§ **Directions for this task**
Reproduce only the lines of the material below that start at the line containing "Sethexy 24 pezzi" and stop at the line containing "谜底阔腿裤长裤女2025春新品时尚肌理褶皱感宽松休闲裤251MK0042". Keep both end lines.

§ **Data provided**

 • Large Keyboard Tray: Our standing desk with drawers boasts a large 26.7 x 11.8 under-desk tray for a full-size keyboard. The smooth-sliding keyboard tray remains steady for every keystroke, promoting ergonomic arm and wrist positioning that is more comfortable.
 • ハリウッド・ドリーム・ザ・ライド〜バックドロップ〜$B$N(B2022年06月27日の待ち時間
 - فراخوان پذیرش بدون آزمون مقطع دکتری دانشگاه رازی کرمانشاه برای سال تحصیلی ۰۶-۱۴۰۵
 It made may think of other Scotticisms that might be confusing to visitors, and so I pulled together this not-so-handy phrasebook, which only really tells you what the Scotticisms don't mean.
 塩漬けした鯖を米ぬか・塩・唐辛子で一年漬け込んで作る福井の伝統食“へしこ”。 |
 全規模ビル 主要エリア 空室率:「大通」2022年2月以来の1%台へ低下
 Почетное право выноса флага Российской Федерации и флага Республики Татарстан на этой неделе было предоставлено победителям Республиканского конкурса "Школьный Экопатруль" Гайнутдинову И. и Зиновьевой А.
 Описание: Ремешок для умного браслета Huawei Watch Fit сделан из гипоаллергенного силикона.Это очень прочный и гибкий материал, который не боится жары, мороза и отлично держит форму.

--

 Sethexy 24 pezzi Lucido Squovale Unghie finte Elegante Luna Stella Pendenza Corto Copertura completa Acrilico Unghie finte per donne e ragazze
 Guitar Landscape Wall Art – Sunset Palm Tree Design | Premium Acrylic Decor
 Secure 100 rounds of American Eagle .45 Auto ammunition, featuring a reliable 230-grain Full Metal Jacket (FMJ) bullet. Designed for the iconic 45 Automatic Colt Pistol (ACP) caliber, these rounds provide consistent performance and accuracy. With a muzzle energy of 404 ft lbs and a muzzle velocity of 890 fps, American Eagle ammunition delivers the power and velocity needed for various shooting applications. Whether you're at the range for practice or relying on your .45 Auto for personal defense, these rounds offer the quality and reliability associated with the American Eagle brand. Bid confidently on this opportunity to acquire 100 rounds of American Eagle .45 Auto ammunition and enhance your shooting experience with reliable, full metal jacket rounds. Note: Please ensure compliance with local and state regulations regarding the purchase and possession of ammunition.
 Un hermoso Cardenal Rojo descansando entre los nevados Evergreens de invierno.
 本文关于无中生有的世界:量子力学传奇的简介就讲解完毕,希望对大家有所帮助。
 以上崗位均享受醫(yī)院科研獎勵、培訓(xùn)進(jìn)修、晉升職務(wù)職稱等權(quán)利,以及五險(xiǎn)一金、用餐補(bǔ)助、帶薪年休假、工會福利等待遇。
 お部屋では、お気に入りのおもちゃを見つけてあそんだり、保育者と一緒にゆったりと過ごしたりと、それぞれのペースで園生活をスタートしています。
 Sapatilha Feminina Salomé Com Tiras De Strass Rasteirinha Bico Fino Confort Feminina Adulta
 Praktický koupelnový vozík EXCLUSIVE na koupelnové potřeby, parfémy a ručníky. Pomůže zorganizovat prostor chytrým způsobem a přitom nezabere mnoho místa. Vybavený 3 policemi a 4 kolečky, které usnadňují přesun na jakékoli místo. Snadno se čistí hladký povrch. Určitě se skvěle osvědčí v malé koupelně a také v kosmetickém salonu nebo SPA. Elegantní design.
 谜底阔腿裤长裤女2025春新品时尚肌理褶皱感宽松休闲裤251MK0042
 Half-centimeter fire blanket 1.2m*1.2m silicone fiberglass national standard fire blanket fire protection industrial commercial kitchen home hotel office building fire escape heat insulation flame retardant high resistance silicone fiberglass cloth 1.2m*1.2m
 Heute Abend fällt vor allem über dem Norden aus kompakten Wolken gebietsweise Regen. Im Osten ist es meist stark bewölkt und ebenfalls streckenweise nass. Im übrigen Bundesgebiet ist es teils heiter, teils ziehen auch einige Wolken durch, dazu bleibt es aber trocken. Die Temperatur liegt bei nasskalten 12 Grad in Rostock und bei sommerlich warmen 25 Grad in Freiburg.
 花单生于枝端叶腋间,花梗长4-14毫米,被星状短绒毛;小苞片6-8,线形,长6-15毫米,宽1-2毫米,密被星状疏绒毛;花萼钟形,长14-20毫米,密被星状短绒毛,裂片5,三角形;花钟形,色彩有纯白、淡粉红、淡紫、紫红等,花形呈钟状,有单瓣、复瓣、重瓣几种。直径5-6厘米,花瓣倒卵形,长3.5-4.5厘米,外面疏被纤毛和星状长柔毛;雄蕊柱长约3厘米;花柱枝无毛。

--

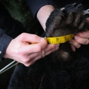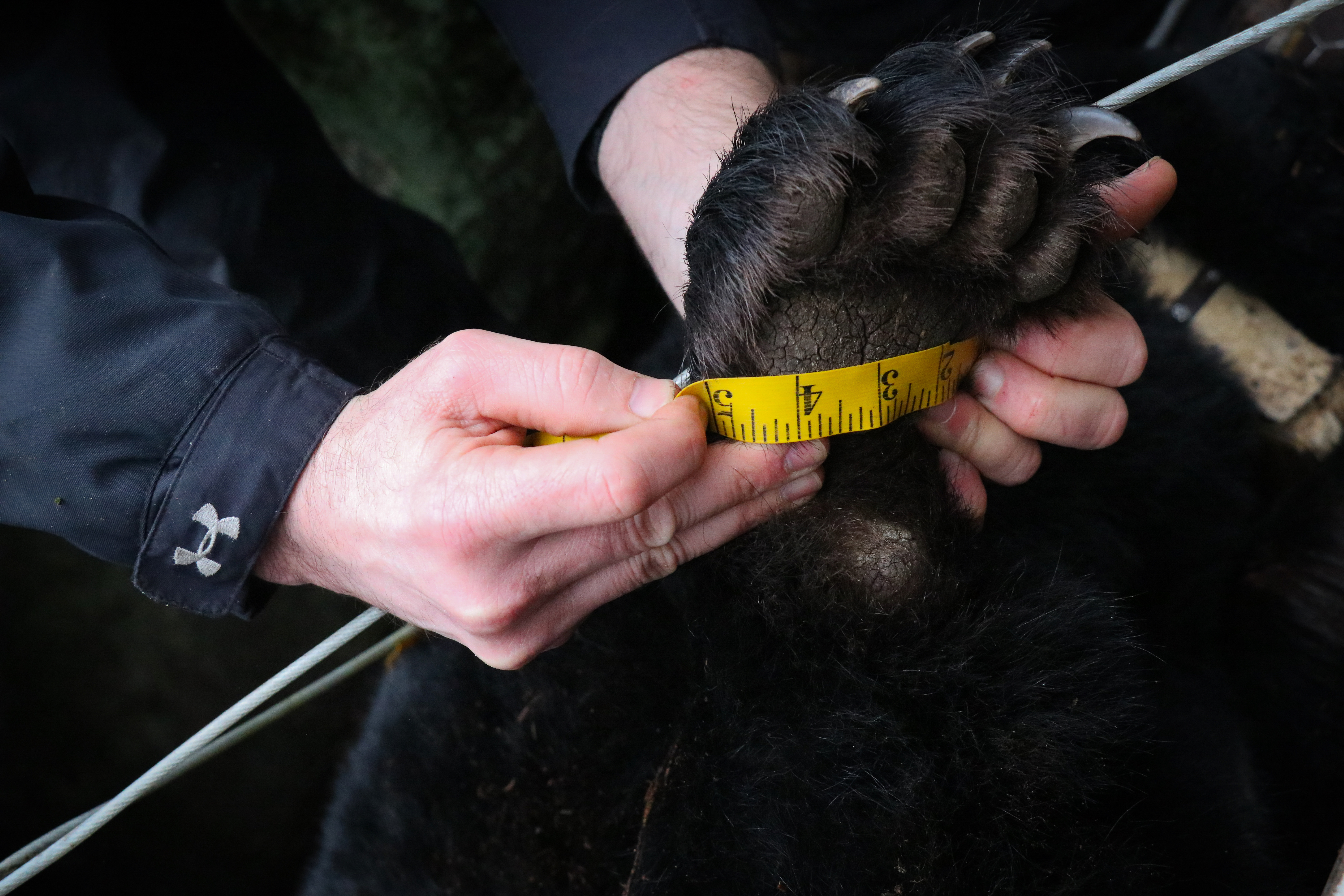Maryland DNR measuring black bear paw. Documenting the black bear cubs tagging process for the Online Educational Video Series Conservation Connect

§ **Answer space**
 Sethexy 24 pezzi Lucido Squovale Unghie finte Elegante Luna Stella Pendenza Corto Copertura completa Acrilico Unghie finte per donne e ragazze
 Guitar Landscape Wall Art – Sunset Palm Tree Design | Premium Acrylic Decor
 Secure 100 rounds of American Eagle .45 Auto ammunition, featuring a reliable 230-grain Full Metal Jacket (FMJ) bullet. Designed for the iconic 45 Automatic Colt Pistol (ACP) caliber, these rounds provide consistent performance and accuracy. With a muzzle energy of 404 ft lbs and a muzzle velocity of 890 fps, American Eagle ammunition delivers the power and velocity needed for various shooting applications. Whether you're at the range for practice or relying on your .45 Auto for personal defense, these rounds offer the quality and reliability associated with the American Eagle brand. Bid confidently on this opportunity to acquire 100 rounds of American Eagle .45 Auto ammunition and enhance your shooting experience with reliable, full metal jacket rounds. Note: Please ensure compliance with local and state regulations regarding the purchase and possession of ammunition.
 Un hermoso Cardenal Rojo descansando entre los nevados Evergreens de invierno.
 本文关于无中生有的世界:量子力学传奇的简介就讲解完毕,希望对大家有所帮助。
 以上崗位均享受醫(yī)院科研獎勵、培訓(xùn)進(jìn)修、晉升職務(wù)職稱等權(quán)利,以及五險(xiǎn)一金、用餐補(bǔ)助、帶薪年休假、工會福利等待遇。
 お部屋では、お気に入りのおもちゃを見つけてあそんだり、保育者と一緒にゆったりと過ごしたりと、それぞれのペースで園生活をスタートしています。
 Sapatilha Feminina Salomé Com Tiras De Strass Rasteirinha Bico Fino Confort Feminina Adulta
 Praktický koupelnový vozík EXCLUSIVE na koupelnové potřeby, parfémy a ručníky. Pomůže zorganizovat prostor chytrým způsobem a přitom nezabere mnoho místa. Vybavený 3 policemi a 4 kolečky, které usnadňují přesun na jakékoli místo. Snadno se čistí hladký povrch. Určitě se skvěle osvědčí v malé koupelně a také v kosmetickém salonu nebo SPA. Elegantní design.
 谜底阔腿裤长裤女2025春新品时尚肌理褶皱感宽松休闲裤251MK0042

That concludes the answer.